Evgenij Morozov è un sociologo della Bielorussa. La sua notorietà è dovuta principalmente alla sua posizione critica nei confronti del comune entusiasmo e ottimismo che caratterizza il dibattito sulle virtù potenziali "democratiche e anti-totalitaristiche" di Internet. Morozov, oltre a esprimere la sua visione critica attraverso la proficua attività giornalistica, che si compone di un notevole bagaglio di articoli e conferenze stampa, ha pubblicato 3 libri in cui, attraverso uno stile brillante, satirico, divertente, ma non privo di sensatezza, espone le sue tesi in maniera radicale e irriverente, scavando nelle conseguenze sociali, politiche ed economiche e mettendo in luce il modo in cui le nuove tecnologie stanno cambiando il panorama del quotidiano.

Nel settembre 2017, in occasione del Festival della Comunicazione di Camogli, il sociologo bielorusso ha esposto le sue incertezze verso l'ottimismo della Silicon Valley. [3] . Morozov parla di un gap digitale fra ricchi e poveri, che impedirebbe ai secondi di godere di quello che viene da lui definito il vero lusso: il distacco dal web. Il web, infatti, è considerato da Morozov alla stregua di uno strumento per i pubblicitari i quali, anche tramite Social Network come Facebook o tramite Google, riescono ad avere accesso ad una molteplicità di dati che servono a tradurre le preferenze di chi naviga in termini di target. Il politologo si schiera a favore della tecnologia, ma contro questa ingenua dipendenza dall'Internet, attestando la necessità di disintossicarsi da un mondo che alimenterebbe il business di imprese private a discapito della privacy dei cittadini.

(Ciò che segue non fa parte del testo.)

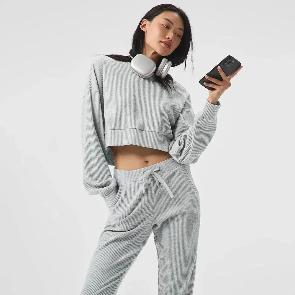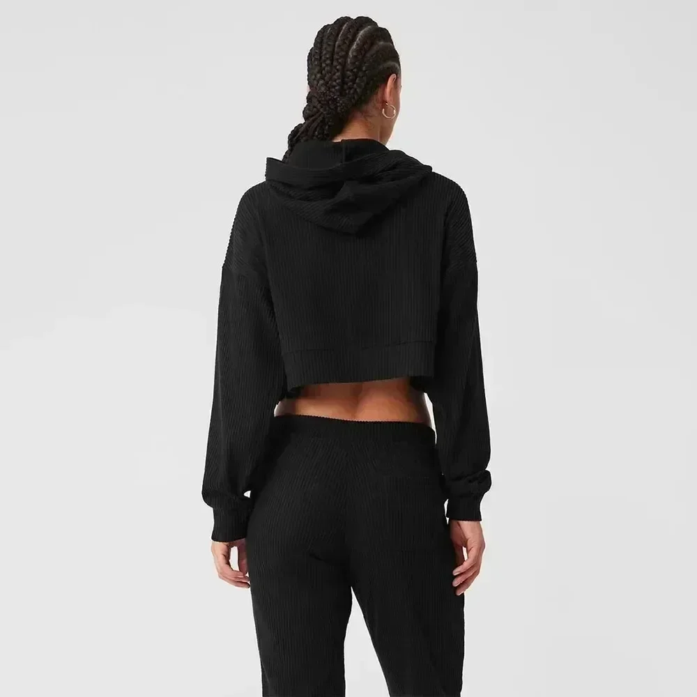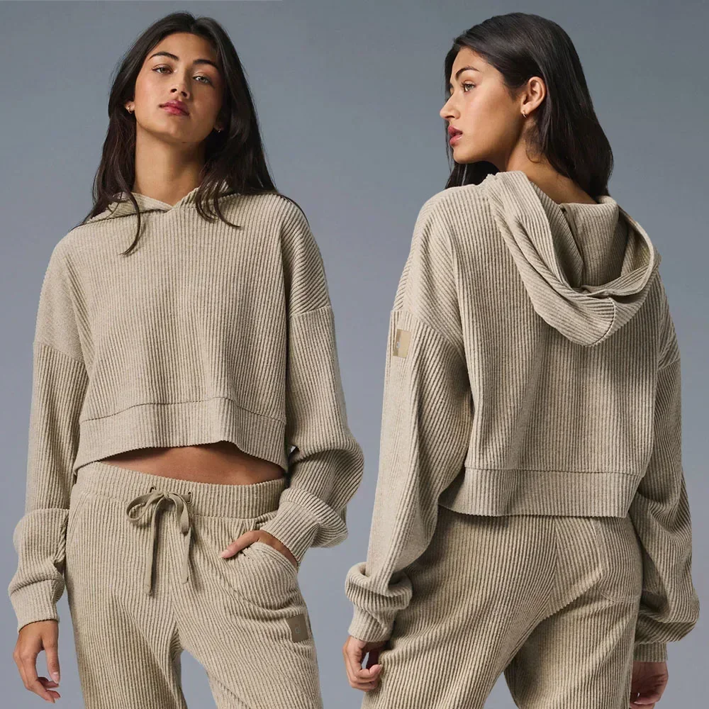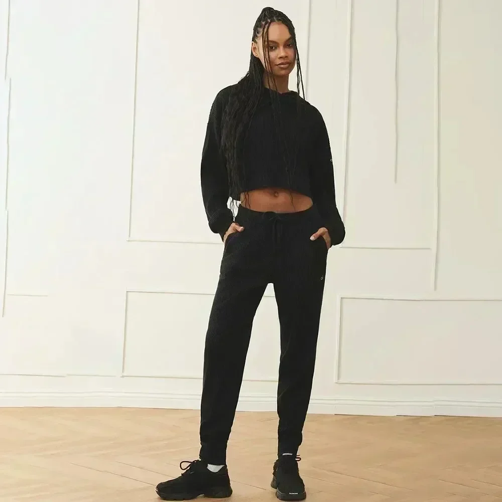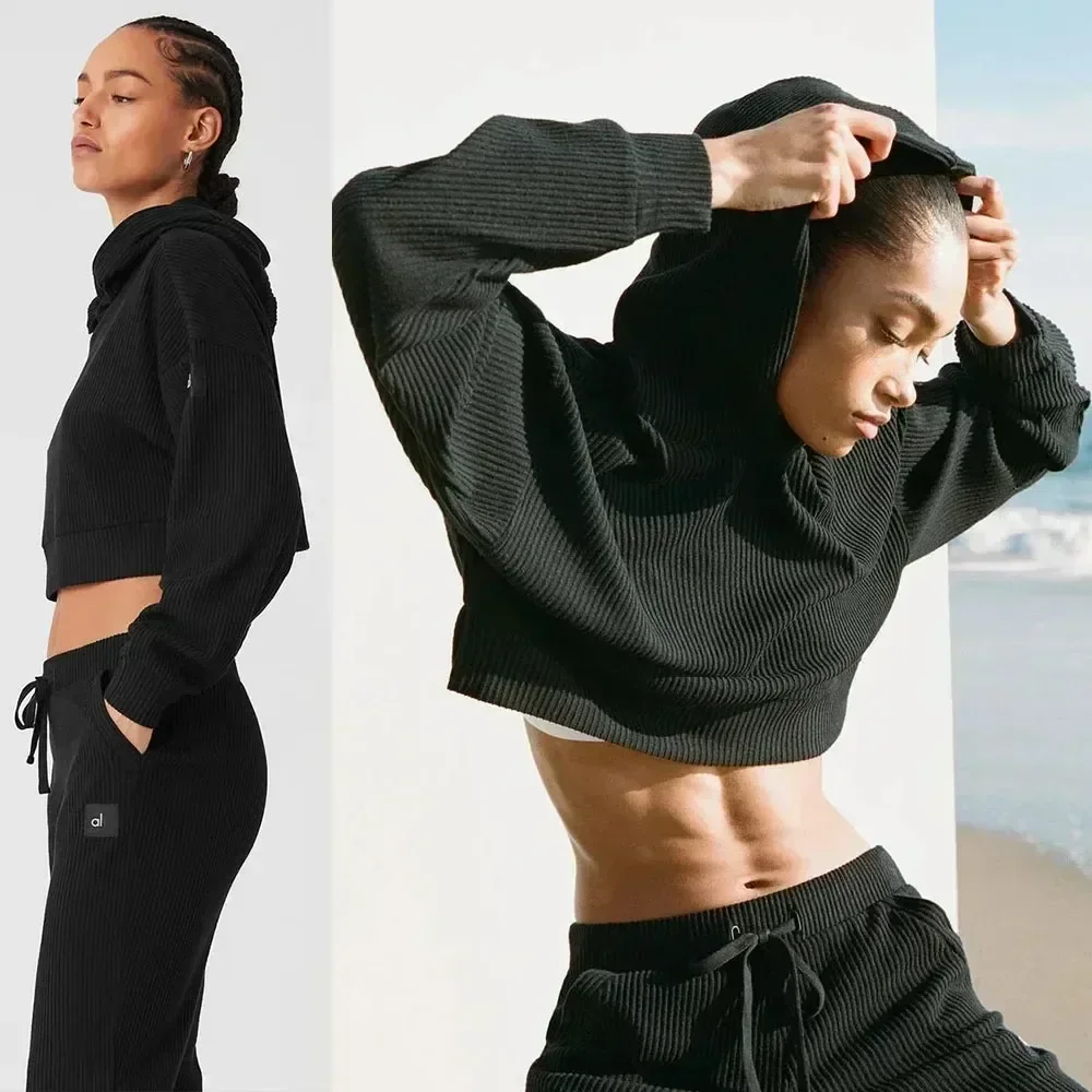 AL Yoga Set Muse Hoodie Jogger Style Loose Comfortable Short Hooded Sweatshirt Women's Sweatpant Threaded Split Fitness Set
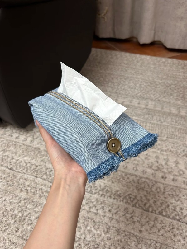 不穿的牛仔裤裤腿可裁剪成纸抽盒。利用裤腿侧面边线作为抽纸位置,中间裁剪开并固定,再将裤腿两边缝好并装上扣子。改造后的纸抽盒既方便装纸,又能作为桌面装饰,让生活充满小趣味。
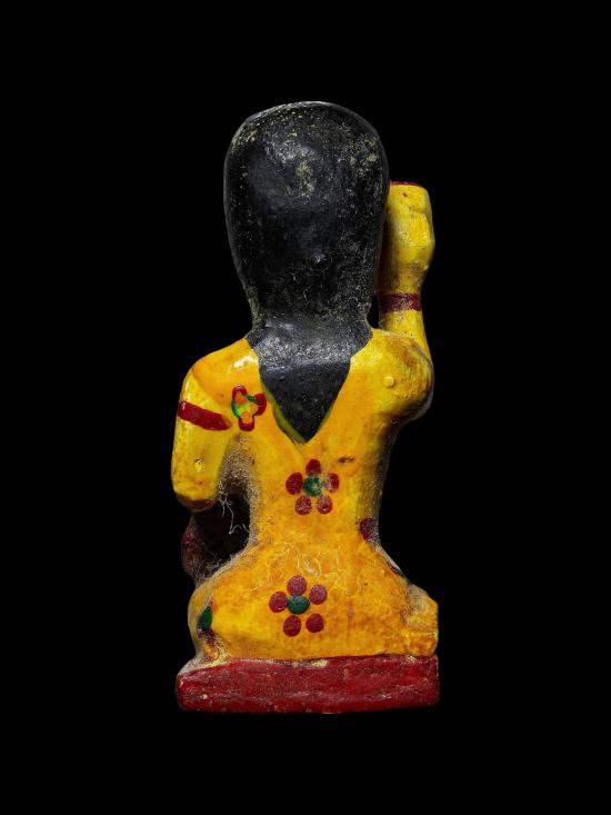 นางกวักหลวงพ่อย้อย วัดใหม่สุคนธาราม จ.นครปฐม เคลือบแชแล็ค สีฝุ่น จัดอยู่ในชุดเครื่องรางยอดนิยม จ.นครปฐม นางกวักหลวงพ่อแกะมาจากไม้ตะเคียนตายพรายหรือยืนต้นตายที่วัดท่าน จัดเป็นไม้ที่มีอาถรรพ์แรงหาไม่ได้ |
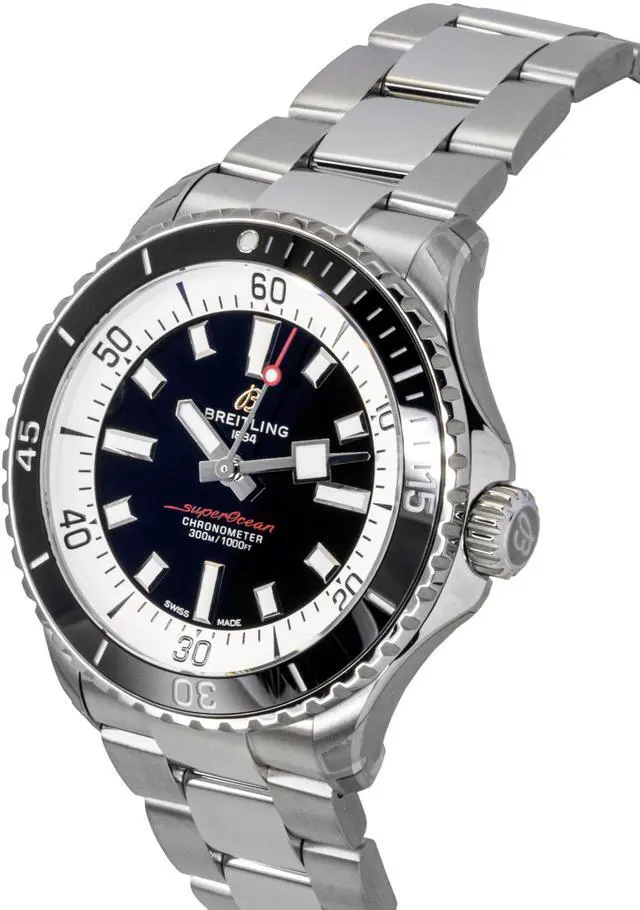 The Breitling Superocean A17375211B1A1 is built for adventure with its robust stainless steel case and striking black dial. This automatic diver's watch boasts a 300-meter water resistance, perfect for underwater exploration. Equipped with a precise automatic movement, it offers both reliability and style. The bold design and luminous markers enhance legibility in all conditions. Whether you're diving deep or navigating daily life, this versatile timepiece is a must-have for those seeking a luxury automatic watch that combines functionality and performance effortlessly. A true companion for any enthusiast.

In una celebre intervista[4], Morozov identifica una minaccia nell'attuale sogno di perfezione della Silicon Valley e nel modo di affrontare problemi sociali quali educazione, sanità e crimine. Un esempio è dato dal modus operandi della cosiddetta polizia predittiva, non più una semplice utopia cinematografica (Minority Report), bensì una realtà da conoscere. Con l'utilizzo dei Big Data, infatti, al mondo odierno si ha libero accesso a una raccolta di dati molto estesa che contiene informazioni aggiuntive di tutto ciò che viaggia attraverso internet, garantendo la possibilità di monitorare e tracciare digitalmente le azioni compiute dei singoli individui. Ed è proprio ciò che è successo a El Chapo, il quale, nonostante le precauzioni prese per sfuggire alla sorveglianza elettronica, fu arrestato non appena uscito dal territorio di cui aveva il controllo politico-militare assoluto.

Il vantaggio ottenibile da un sistema del genere deve fare i conti con le conseguenze sociali che portano cambiamenti nelle relazioni tra cittadino e stato: si passa da una situazione in cui è possibile far affidamento sull'istituzione pubblica a un modello dove è proibito 'sbagliare'. Se la polizia predittiva rende impossibile l'accadere di azioni "sbagliate" cosa rimane alla soggettività di un individuo? Morozov risponde alla domanda approfondendo acutamente il legame tra democrazia e disobbedienza civile: l'atto volontario di infrangere la legge e subirne le conseguenze rende possibile un'affermazione politica, ma in un sistema dove vige l'assenza di scelta fra bene e male, è impossibile che ciò accada, poiché il sistema della polizia predittiva blocca in anticipo il compiersi di un reato. Se un tale sistema politico non ha modo di introdurre nuovi fatti e si identifica come il sistema perfetto, si corre il rischio di una cristallizzazione sociale che non permette di scoprire che ciò che viene considerato illegale oggi potrebbe non esserlo in futuro. Il prezzo da pagare diventa evidente quando Morozov trasporta il medesimo problema nel contesto storico statunitense di alcuni decenni fa, anni in cui era illegale per una persona di colore entrare in un ristorante. "Se avessero costruito dei sistemi predittivi attorno a quella legge", sostiene Morozov "oggi probabilmente sarebbe rimasta immutata, senza avere la possibilità di essere revisionata attraverso comportamenti devianti".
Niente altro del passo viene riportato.